What does "orthogonal" mean?

What does $k=k_m$ mean when you only have $k_n$ in your expressions?

6. Oct 23, 2013

### Dustinsfl

$k=k_m = \frac{m\pi}{\ell}$

$k$ is defined in the DE $(\mathcal{L}+k^2)y = \phi(x)$.

Orthogonal is when the inner product is 0

7. Oct 23, 2013

### Simon Bridge

And $k_n = \frac{n\pi}{l}$ and $k_{\text{carrot}}=\frac{\text{carrot}\pi}{l}$... I saw... but why the index "m" when index "n" is used in all the relations above?
What does that mean.......... use words not math?

Similarly for "orthogonal" - what is the relationship between $u$ and $\phi$ when their inner product is zero?
Why is that important to the solutions?

Also curious - how does $u_n(x)$ depend on $n$ when you have it as a sum over all $n$?

Last edited: Oct 23, 2013
8. Oct 23, 2013

### Dustinsfl

Because it says show that for the case when $k=k_m$ the DE has no solution unless $\phi(x)$ is orthogonal to $u_m(x)$. The $k_m$ replaces all $k$ so there will be both $k_m$ and $k_n$.

If there inner product is zero, one of them needs to be a cosine.

9. Oct 23, 2013

### Simon Bridge

I don't mean just say the math in words.
Try to get your head out of the math - this is a physical situation. What is the physical meaning?
I think you need to review the derivation from it's physical foundation. At the moment it seems to be an exercise in abstract mathematics for you.

What is special about $k_m$ is that it is a particular value of $k$, which is one of the $\{k_n\}$ ... which means that one of the terms in the sums, the one where n=m, has a division-by-zero problem. That gives a non-physical result - therefore: no solution.

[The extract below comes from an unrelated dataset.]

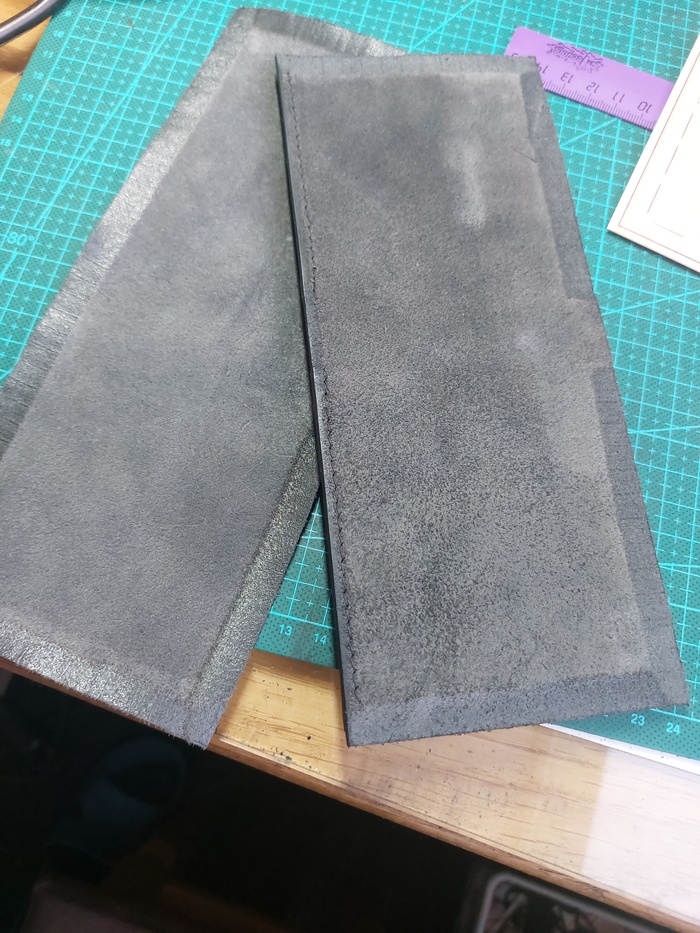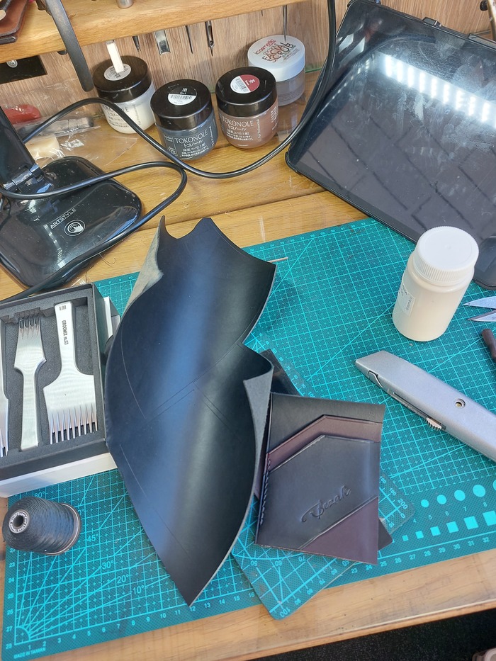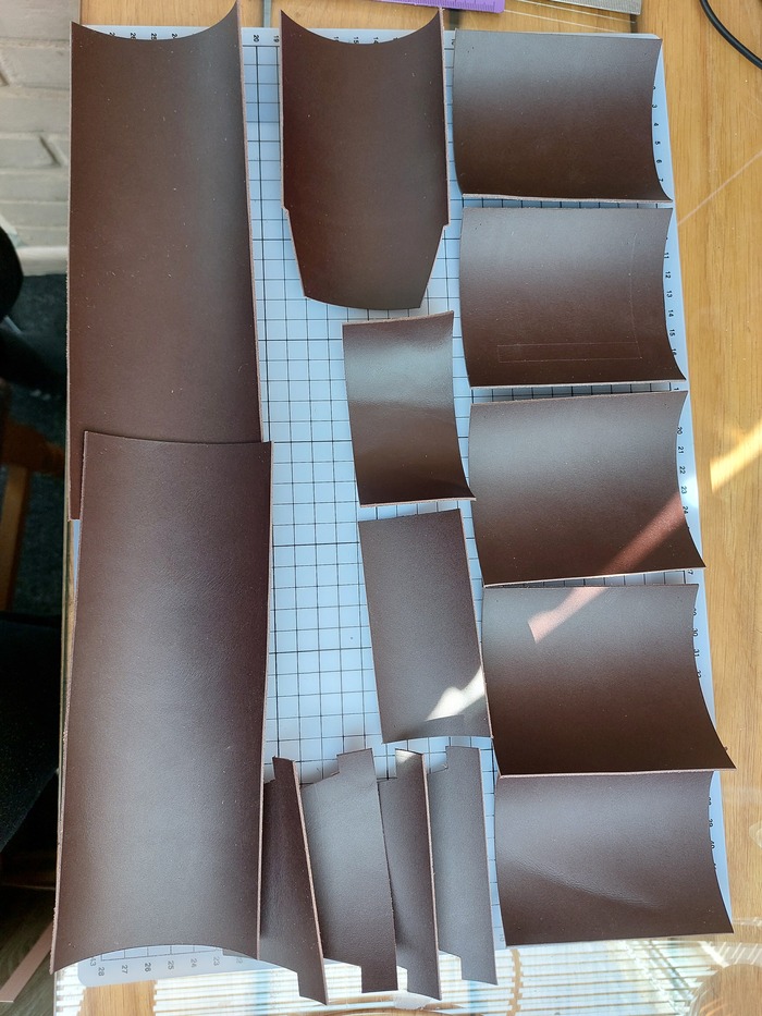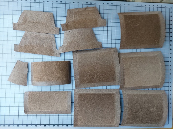 нарезаю заготовки по выкройке, шерфую (в тех мечтах где считаю нужным) и склеиваю "бутерброды", после чего приклеиваю их к основной детали

But isn't that a problem? Shouldn't there be some solutions to the situation - after all, you can physically set one up and watch it work away without blowing up or anything? Either the premise the equations were built on is just wrong or there's something else like............

........ what if that term where n=m did not exist for some reason? Something like that? Then the problem would never come up.

What roles do $\phi$ and $u_n$ play in the solution?
In what situation would you normally care about their orthogonality?

10. Oct 25, 2013

### vela

Staff Emeritus
Where did your expressions for $u_n(x)$, $\phi(x)$, and $y(x)$ come from? As Simon noted, your expression for $u_n(x)$ doesn't make sense. You probably meant, as you wrote in another thread, that $u_n(x) = \sqrt{2/l} \sin k_n x$. The expression for $\phi(x)$ is clearly not orthogonal to $u_m(x)$, so I don't see how it relates to your question.

Go back to the beginning. You're trying to solve the differential equation $(\mathcal{L}+\lambda)y(x) = \phi(x)$ where $\mathcal{L}$ is some Hermitian operator. You have solutions $u_n(x)$ to the homogeneous equation $(\mathcal{L}+\lambda)y(x)=0$ that satisfy the given boundary conditions. In the particular case of the linear oscillator, where $\mathcal{L} = d^2/dx^2$ and the boundary conditions are $y(0)=y(l)=0$, you find that $u_n(x) = \sqrt{2/l}\sin k_n x$ where $\lambda_n=k_n^2$ and $k_n = n\pi/l$.

One important property of Hermitian operators is that the eigenfunctions $\{u_n\}$ of such an operator form a complete set. This means you can express $y$ as a linear combination of the eigenfunctions, i.e.,
$$y(x) = \sum_n a_n u_n(x).$$ Try doing that for $\phi(x)$ as well and plugging the two expansions into the differential equation with $k=k_m$.